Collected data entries
*-*-*

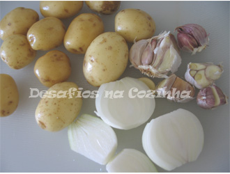 4. Lavar as batatas, partir as cabeças de alho, mantendo as cascas e partir as cebolas;
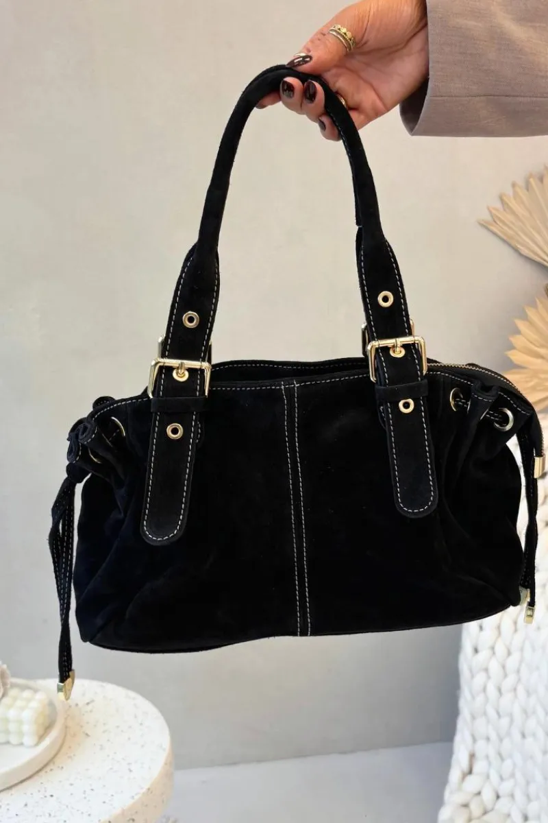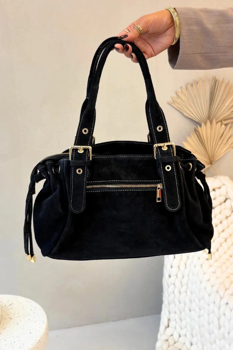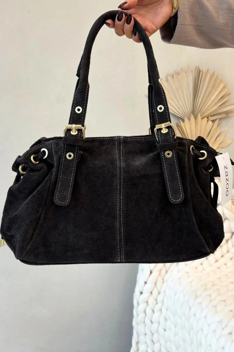 Torebka damska wykonana z naturalnego zamszu to elegancki i stylowy dodatek, który podkreśli każdą stylizację. Model wyróżniają złote okucia oraz ozdobne paski z klamrami. nowoczesnego charakteru. Torebka jest zapinana na zamek, a jej dwukomorowe wnętrze z praktycznymi kieszeniami pozwala zachować porządek i pomieścić wszystkie niezbędne drobiazgi. To idealny wybór dla kobiet, które cenią połączenie elegancji, funkcjonalności i ponadczasowego stylu.
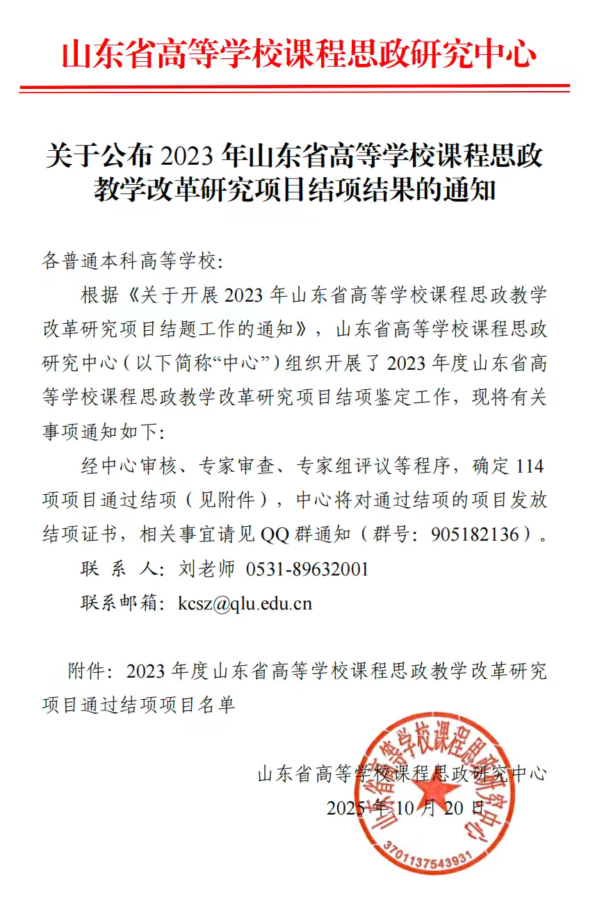 近日,我校专咨委副校级专家王冰教授主持的2023年山东省高等学校课程思政教学改革研究项目《创造性转化创新性发展:学前教育专业幼儿园中华文化教育课程论重构研究》,经山东省高等学校课程思政研究中心严格评审,顺利通过验收,成功结项!
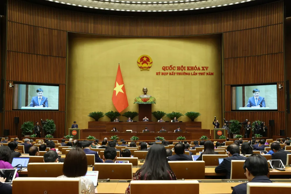 Chủ nhiệm Ủy ban Kinh tế của Quốc hội Vũ Hồng Thanh trình bày dự thảo luật. Ảnh: QUANG PHÚC
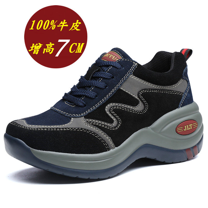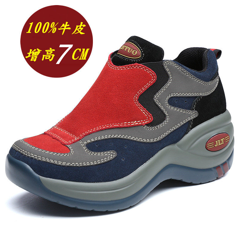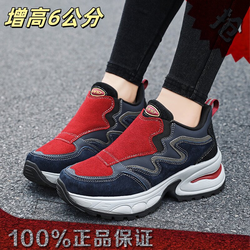 牛皮老爹鞋女增高7CM厚底户外休闲鞋复古拼色增高鞋一脚蹬运动新
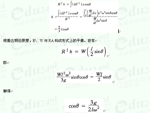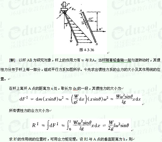 [例4—3—12] 均质细杆AB重W,长l,其一端A铰接于匀速转动铅垂轴上,如图4-3-36所示。设角速度为ω,求相对平衡时杆与铅垂轴所成的角θ。
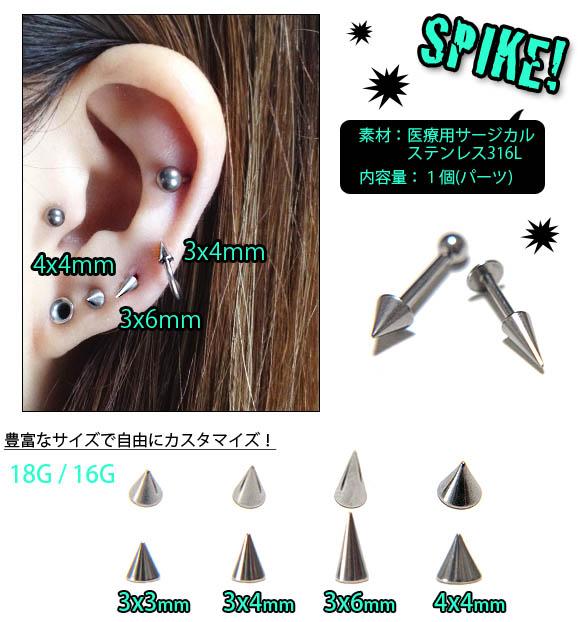 本日P2倍 16G ボディピアス キャッチ のみ 交換パーツ 単品 コーン スパイク エクスターナルスクリューボール 金属アレルギー対応

*-*-*

The data above are to be repeated word for word, with any pictures left out.

 4. Lavar as batatas, partir as cabeças de alho, mantendo as cascas e partir as cebolas;
 Torebka damska wykonana z naturalnego zamszu to elegancki i stylowy dodatek, który podkreśli każdą stylizację. Model wyróżniają złote okucia oraz ozdobne paski z klamrami. nowoczesnego charakteru. Torebka jest zapinana na zamek, a jej dwukomorowe wnętrze z praktycznymi kieszeniami pozwala zachować porządek i pomieścić wszystkie niezbędne drobiazgi. To idealny wybór dla kobiet, które cenią połączenie elegancji, funkcjonalności i ponadczasowego stylu.
 近日,我校专咨委副校级专家王冰教授主持的2023年山东省高等学校课程思政教学改革研究项目《创造性转化创新性发展:学前教育专业幼儿园中华文化教育课程论重构研究》,经山东省高等学校课程思政研究中心严格评审,顺利通过验收,成功结项!
 Chủ nhiệm Ủy ban Kinh tế của Quốc hội Vũ Hồng Thanh trình bày dự thảo luật. Ảnh: QUANG PHÚC
 牛皮老爹鞋女增高7CM厚底户外休闲鞋复古拼色增高鞋一脚蹬运动新
 [例4—3—12] 均质细杆AB重W,长l,其一端A铰接于匀速转动铅垂轴上,如图4-3-36所示。设角速度为ω,求相对平衡时杆与铅垂轴所成的角θ。
 本日P2倍 16G ボディピアス キャッチ のみ 交換パーツ 単品 コーン スパイク エクスターナルスクリューボール 金属アレルギー対応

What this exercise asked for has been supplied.